TeamHG-Memex/scrapy-rotating-proxies

Scrapy stuck when page not response

herbert-h opened this issue · 5 comments

Scrapy stuck when page not response, can I give a timeout for page?

...
2018-01-22 09:27:09 [scrapy.extensions.logstats] INFO: Crawled 183 pages (at 42 pages/min), scraped 183 items (at 42 items/min)
2018-01-22 09:27:09 [rotating_proxies.middlewares] INFO: Proxies(good: 0, dead: 2, unchecked: 0, reanimated: 3, mean backoff time: 76s)
2018-01-22 09:27:39 [rotating_proxies.middlewares] INFO: Proxies(good: 1, dead: 4, unchecked: 0, reanimated: 0, mean backoff time: 159s)
2018-01-22 09:28:09 [scrapy.extensions.logstats] INFO: Crawled 196 pages (at 13 pages/min), scraped 196 items (at 13 items/min)
2018-01-22 09:28:09 [rotating_proxies.middlewares] INFO: Proxies(good: 1, dead: 3, unchecked: 0, reanimated: 1, mean backoff time: 199s)
2018-01-22 09:28:39 [rotating_proxies.middlewares] INFO: Proxies(good: 1, dead: 3, unchecked: 0, reanimated: 1, mean backoff time: 199s)
2018-01-22 09:29:09 [scrapy.extensions.logstats] INFO: Crawled 196 pages (at 0 pages/min), scraped 196 items (at 0 items/min)
2018-01-22 09:29:09 [rotating_proxies.middlewares] INFO: Proxies(good: 1, dead: 2, unchecked: 0, reanimated: 2, mean backoff time: 242s)

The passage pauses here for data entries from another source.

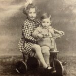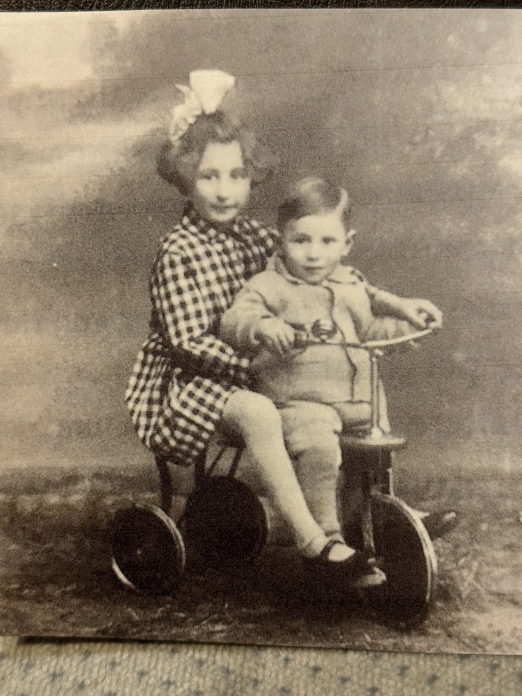 AL: With his sister Hella on a tricycle
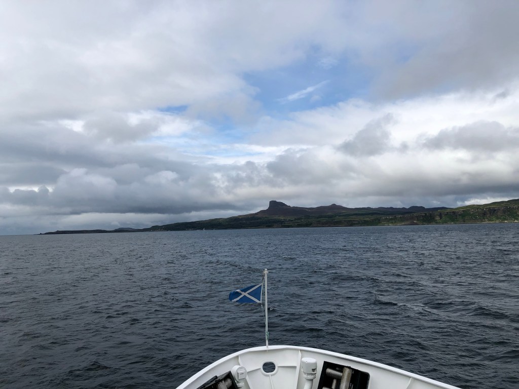From the ferry, Eigg comes into focus slowly, gradually. It’s a shimmering thing, dominated by the rocky outcrop An Sgùrr.
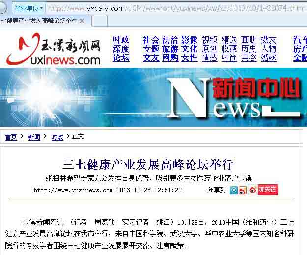 玉溪新聞網(wǎng)訊(記者周家穎實(shí)習(xí)記者姚江)10月28日,2013中國(guó)(維和藥業(yè))三七健康產(chǎn)業(yè)發(fā)展高峰論壇在我市舉行,來(lái)自中國(guó)科學(xué)院、武漢大學(xué)、華中農(nóng)業(yè)大學(xué)等國(guó)內(nèi)知名科研院所的專家學(xué)者圍繞三七健康產(chǎn)業(yè)發(fā)展展開(kāi)交流、建言獻(xiàn)策。中國(guó)科學(xué)院院士鄧子新、武漢大學(xué)藥學(xué)院中藥與天然藥物研究所所長(zhǎng)王有為、華中農(nóng)業(yè)大學(xué)教授趙斌、中僑聯(lián)青委副理事長(zhǎng)李云祥、中組部“千人計(jì)劃”特聘教授陳庚輝等出...
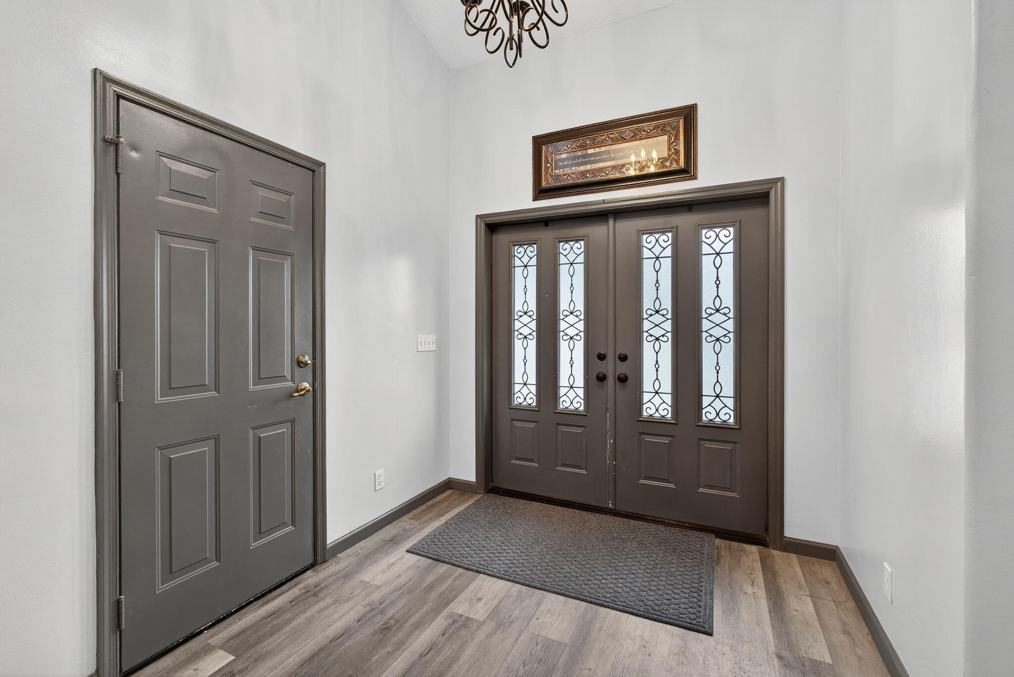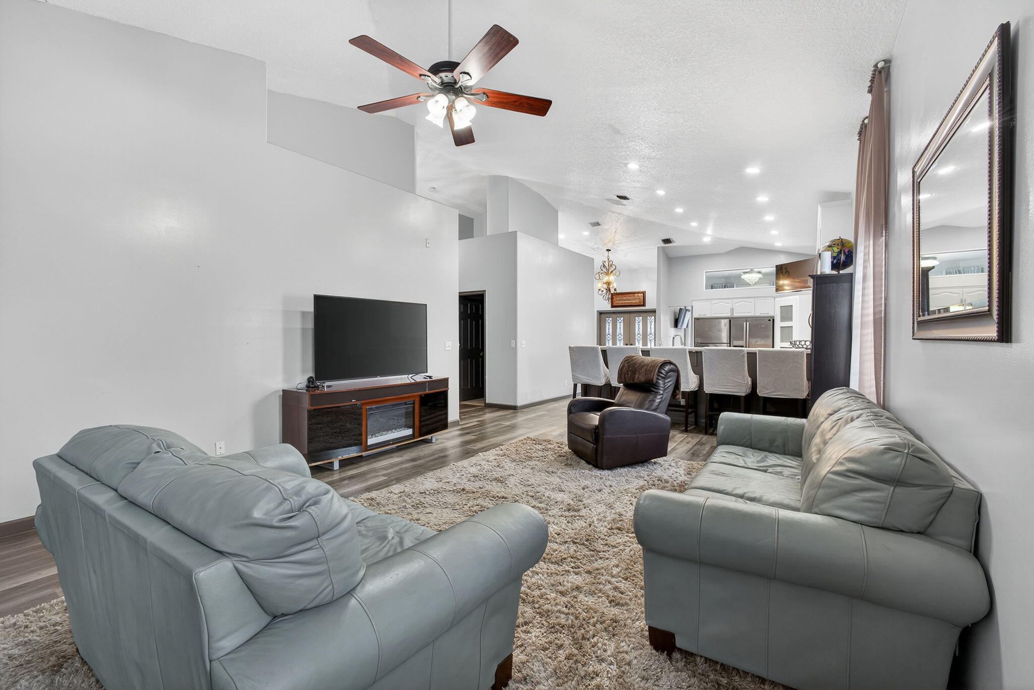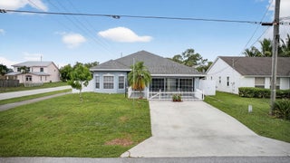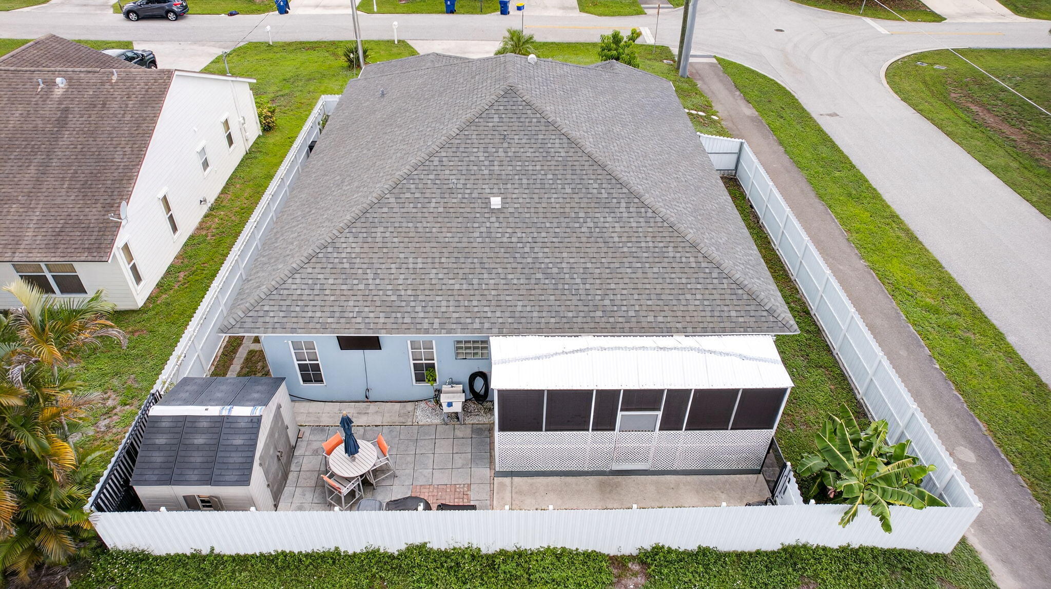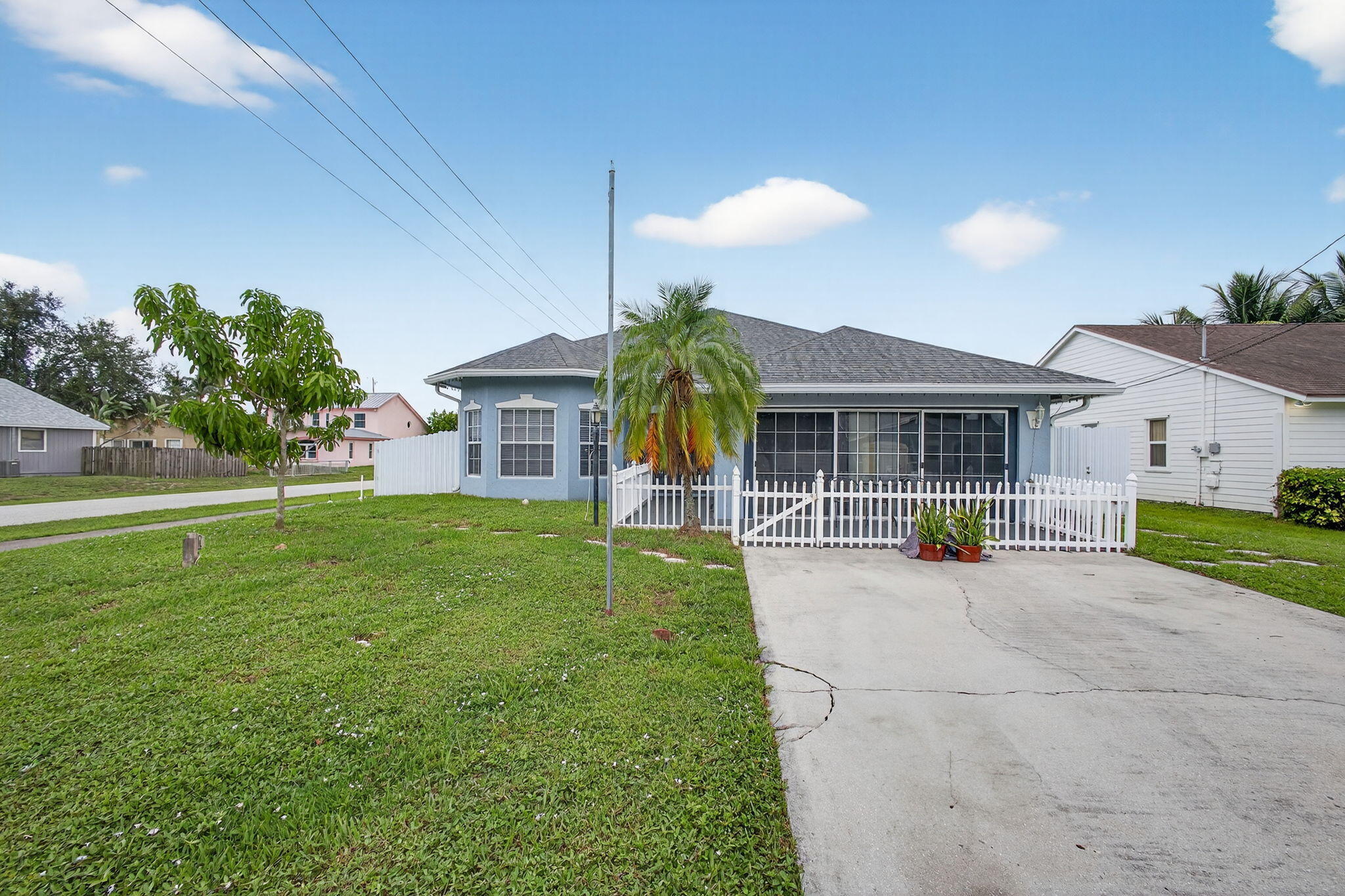 Beautifully maintained 4 bedroom, 2 bath home in the desireable Jupiter Heigths neighborhood. Builder's model home, only one in the neighborhood. Open floor plan from front to back with soaring cathedral ceilings. Desirable fenced corner lot with both tiled front patio, and screened back patio, home office, eat-in kitchen with solid ceramic tile and wood laminate floors in all living areas. French doors lead to patio. Master features tray ceiling, walk-in closet, spa tub, separate shower and dual sinks. New roof installed 2020.

It's wait more than 5 minutes to try first retry

Need more info to help you, it could be a network problem on your end or in the server you're scraping from.

I run into the same problem. When using a proxy the default download timeout (of 180 seconds) is used.
You can adjust this with download_timeout or via its setting

To explain this: You are running out of proxies. The middleware has default delay of 180 seconds which means it will use proxy A only once every 3 minutes. In your case all of your proxies are still waiting to cool down thus crawler has no proxies/slots and is waiting.

I have this problem too. But in my case the i saw that still have unchecked proxies.

I guess issue #33 's suggested fix fixed it for me. In line 123 of middlewares.py, I replaced if 'proxy' in request.meta and not request.meta.get('_rotating_proxy'): with if 'proxy' in request.meta:. I guess this worked for me, but I don't know with absolute surety.